Renewables
Geothermal
Geothermal energy technologies use the heat of the Earth for direct-use applications, geothermal heat pumps, and electrical power production. Resources of geothermal energy range from the shallow ground to hot water and hot rock found a few miles beneath the Earth’s surface, and down even deeper to the extremely high temperatures of molten rock called magma.
Almost everywhere, the upper 3 metres (10 feet) of the Earth’s surface maintains a nearly constant temperature between 10-16 °C (50-60 °F). Geothermal heat pumps can tap into this resource to heat and cool buildings. A geothermal heat pump system consists of a heat pump, an air delivery system (ductwork), and a heat exchanger - a system of pipes buried in the shallow ground near the building. In the winter, the heat pump removes heat from the heat exchanger and pumps it in to the indoor air delivery system. In the summer, the process is reversed, and the heat pump moves heat from the indoor air in to the heat exchanger. The heat removed from the indoor air during the summer can also be used to provide a free source of hot water.

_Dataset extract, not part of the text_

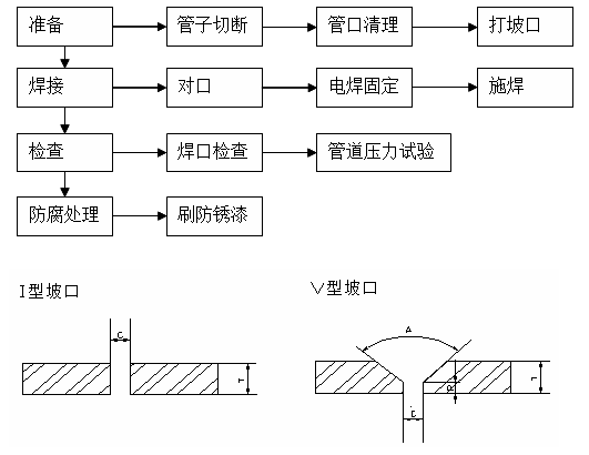 坡口机开口,标准美观;坡口氧化层与杂质打磨干净,坡口根部留有3mm缝隙,便于焊透,管道组对平直,无错边,开完坡口后要及时焊接。

Wells can be drilled into underground reservoirs for the generation of electricity. Some geothermal power plants use the steam from a reservoir to power a turbine/generator, while others use the hot water to boil a working fluid that vaporises and then turns a turbine. Hot water near the surface of the Earth can be used directly for heat. Direct-use applications include heating buildings, growing plants in greenhouses, drying crops, heating water at fish farms, and several industrial processes such as pasteurising milk.
Hot dry rock resources occur at depths of 5-8 km (3-5 miles) everywhere beneath the Earth’s surface and at lesser depths in certain areas. Access to these resources involves injecting cold water down one well, circulating it through hot fractured rock, and drawing off the heated water from another well.